Violations result in a civil penalty of $25,000 by the Attorney-General.

In addition, citizens may sue the officer for “injunctive relief,” in “a civil action for damages” in Superior Court. The Court may also award the plaintiff “reasonable attorney’s fees.” In certain cases, the violator may be “imprisoned.”

“Speech alone is not sufficient to support an action, unless the speech threatens violence.” BUT “if the person or persons against whom the threat is directed reasonably fears that, because of the speech, violence can be committed against them,” then said speech is prosecutable.

IMPORTANT: “State immunity provisions” that previously protected peace officers from being sued for doing their jobs “shall not apply” (i.e., shall no longer apply) to peace officers.


The Bill would allow certain personnel records of peace officers or applicants to be “made available for public inspection” that had previously been confidential, e.g. gun discharges, actions that caused bodily injury or death, and certain sexual assault practices. This latter (sexual assault) is broadened in definition, to include “the propositioning for or commission of any sexual act while on duty is considered a sexual assault.” (My hunch is that the Celeste Guap case lies behind this.) These records are defined in a very broad manner.


The Bill gives cops something they wanted: “disclosure [of the records, including video] may be delayed for up to 60 days from the date the use of force occurred or until the district attorney determines whether to file criminal charges related to the use of force, whichever occurs sooner.” Even beyond 60 days, the records may be withheld from public consumption if release would interfere with an active investigation of use-of-force. The regulations concerning release of records in use-of-force instances are actually quite complex and seem to provide fertile ground for legal battles. The Bill seems unable to deal with the political fallout following use-of-force allegations, when activists, plaintiff’s attorneys, victims’ families and the media will demand immediate release of records, especially body cam videos, while defense attorneys will argue for delay.


Mainly police officer and sheriff organizations, including:

Association of Los Angeles Deputy Sheriffs

Association of Orange County Deputy Sheriff’s

California Association of Highway Patrolmen

California Coalition of School Safety Professionals

California Fraternal Order of Police

California Police Chiefs Association

and dozens of other police organizations.

Their main concerns: “Removing government immunity would create lingering doubt in officers’ minds during chaotic situations, knowing potential missteps could result in civil lawsuits.” i.e., if a cop is worried about being fired and sued, he might be less diligent in getting involved in a chaotic situation, such as chasing a fleeing suspect. Cops worry about the “speech” component (cf. above), in which a victim’s fear of the consequences of a cop’s speech can make that speech “prosecutable.” (i.e., anyone can be afraid that anything a cop says is hostile and threatening, and can therefore sue.) Cops also are concerned with the “non-intentionality” clause of the civil rights provision: you can violate someone’s civil rights even if you didn’t intend to. Cops and police unions finally are concerned with the composition of the Commission’s Board, feeling that it could be stacked with anti-police sentiment.

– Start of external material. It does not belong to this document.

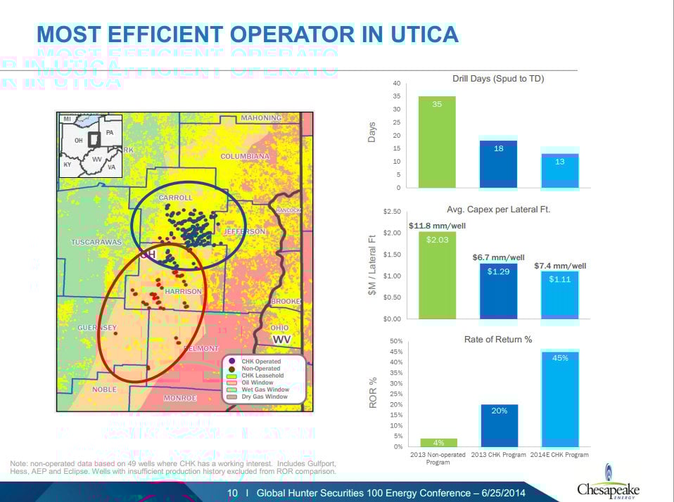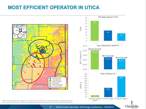 As that slide notes, last year Chesapeake Energy saw a 20% rate of return on the capital it spent on each Utica Shale well. But by reinvesting some of its savings the company is able to boost its rate of return to a much more robust 45% this year. This is a prime example of how spending money can indeed make more money.

The Bill contains nothing particularly odious, from the point of view of a cop supporter. It’s understandable that police unions would be against it, because they’re always opposed to more regulation of cops. But in the final analysis, and from a reasonable point of view, most of SB2’s recommendations make sense, or are at the very least tolerable. Besides, “reform” is in the air. The Bill is going to pass the Legislature, and Gov. Newsom has made public remarks supporting it. There’s little point in fighting the inevitable.